Serge Nigg (1924-2008)
(“Témoignages” nº 3. Université Paris-Sorbonne, Observatoire Musical Français, 2010)
Marcos, amigo geômetra, leu o último blog em que inseri epígrafe do compositor francês Georges Migot (1891-1976), na qual observava que “a interpretação mais perigosa é certamente a ideia literária ou filosófica penetrando os meios de expressão que lhe são exteriores, na intenção absolutamente insuportável de comentá-los, como se esses meios ou processos não bastassem tão somente”. Fazia-se acompanhar por um jovem professor que se apresentou como filósofo. Imediatamente veio-me à mente o posicionamento do compositor francês Serge Nigg, que dizia que ultimamente só encontrava compositores. Durante um curto em minha cidade bairro, Brooklin-Campo Belo, trocamos opiniões a respeito. O jovem professor de filosofia interessou-se pela epígrafe mencionada por Marcos. Perguntou-me com certa dose de um ex-catedra: “Acredita também que literatos ou filósofos não possam opinar sobre a Arte?”. Respondi-lhe que devem, mas com as reservas necessárias, pois a essencialidade da música requer conhecimento da partitura como um todo, nosso ferramental absoluto. Acrescentei que, sem penetrar nas noções básicas da geometria, nada posso discutir com Marcos em temas afeitos à sua área.
Se houve Jean-Jacques Rousseau (1712-1778), Friedrich Nietzsche (1844-1900), Albert Schweitzer (1875-1965), Theodor Adorno (1903-1969), Vladimir Jankélévitch (1903-1985), entre os poucos filósofos que conheciam perfeitamente a trama musical, tantos outros escreveram opinando sobre música e, geralmente, sob o impacto da audição com resultados razoáveis, parciais ou negligenciáveis. Disse-lhe que me causa certo mal estar ouvir filósofos discorrerem sobre nossa área, como se essa arte sublime fosse “apenas”… uma área da cultura. Aliás, fazem-no também em relação a outras artes e à literatura. Um deles, ultimamente comparou, nesse nebuloso território da cultura voltada à leitura de autoajuda, Paulo Coelho a Saint-Exupéry, mencionando “Le Petit Prince”. Certamente desconhece “Citadelle”, monumental obra que aborda “todos os problemas do destino humano e o condicionamento do homem”, segundo Simone de Saint-Exupéry.
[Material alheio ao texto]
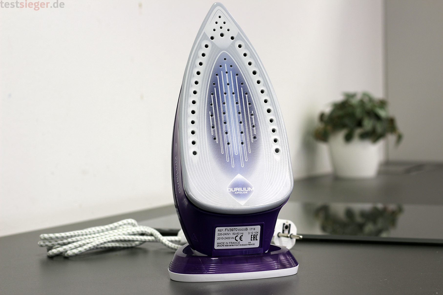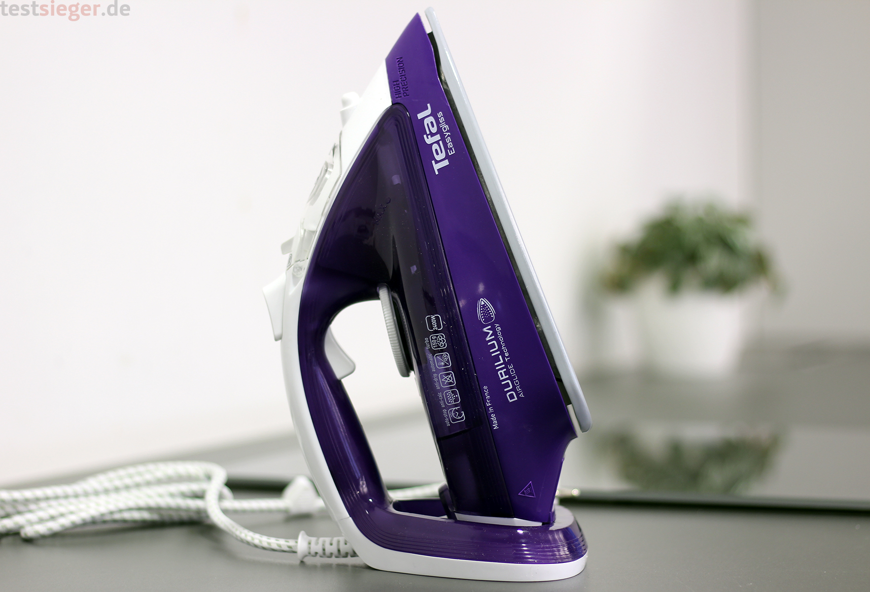Die Sohle besteht aus der Tefal-Eigenentwicklung Durilium, die durch eine ausgezeichnete Widerstandsfähigkeit glänzt. Bei unserem Kratztest mussten wir viel Kraft aufwenden, um schwerwiegende Beschädigungen zu verursachen. Damit ist es auch kein Problem, wenn die Sohle einmal Bekanntschaft mit einem Reißverschluss oder Knöpfen macht. Mit einer Breite von 13,5 Zentimetern, einer Höhe von knapp 14 Zentimetern und einer Länge von circa 29,5 Zentimetern ist das Tefal Easygliss weder zu klein, noch zu groß ausgefallen.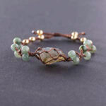 Irregularly shaped pendant encased in a woven cagelike structure. Flanking the pendant on both sides are clusters of small, round, pale green beads interspersed with metallic gold-toned accents. Overall, it is suitable for stacking or everyday wear, with a focus on natural materials and subtle sparkle.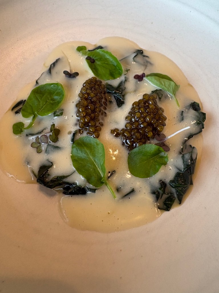 Perfecto para la densa salsa de coco que cubre unas espinacas guisadas con berros y caviar, un conjunto de sabores en audaz equilibro porque un gramo más de caviar o de coco arruinarían el estupendo y sorprendente plato.

Nossa conversa penetraria doravante esse delicado tema. Desconfiado, o jovem professor do segundo grau de importante escola privada não concordou com algumas colocações propostas e indagou-me se tinha algum preconceito contra filósofos ou compositores. Prontamente disse-lhe que não e nomeei determinados livros que me acompanham durante as longas décadas, assim como de minha admiração confessa por tantos compositores qualitativos de nossos dias, tendo gravado e interpretado inúmeras obras desses autores contemporâneos do Brasil e do Exterior, frise-se bem, qualitativos. Lembrei-me de Serge Nigg que observa “essa vontade de aparecer custe o que custar como criador e não como simples intérprete”, frase certamente forte e responsável pela quantidade de compositores que pululam e que enveredam por caminhos onde lhes faltarão o ferramental necessário, a técnica e o talento. Situação similar acontece na área dos philos sophia. Como senti uma certa irritabilidade do jovem professor de filosofia, mudei de assunto e conversamos sobre o nosso triste futebol, sem tática, sem garra, sem nada e fazendo-nos saudosos de tradição irremediavelmente perdida, e também sobre a política que emana do Planalto, sem rumo sensato, imbuída de fatal binômio ideologia-conchavo e que já se faz sentir nos resultados econômico-sociais e nas tendências totalitárias divulgadas diariamente. Não da parte do amigo Marcos, mas senti que meu jovem interlocutor não gostou de meu posicionamento também nessa área. Despedimo-nos, não sem antes dizer aos dois que pensar livremente deveria fazer parte, in conditio sine qua non, de nossas atividades e de outras igualmente.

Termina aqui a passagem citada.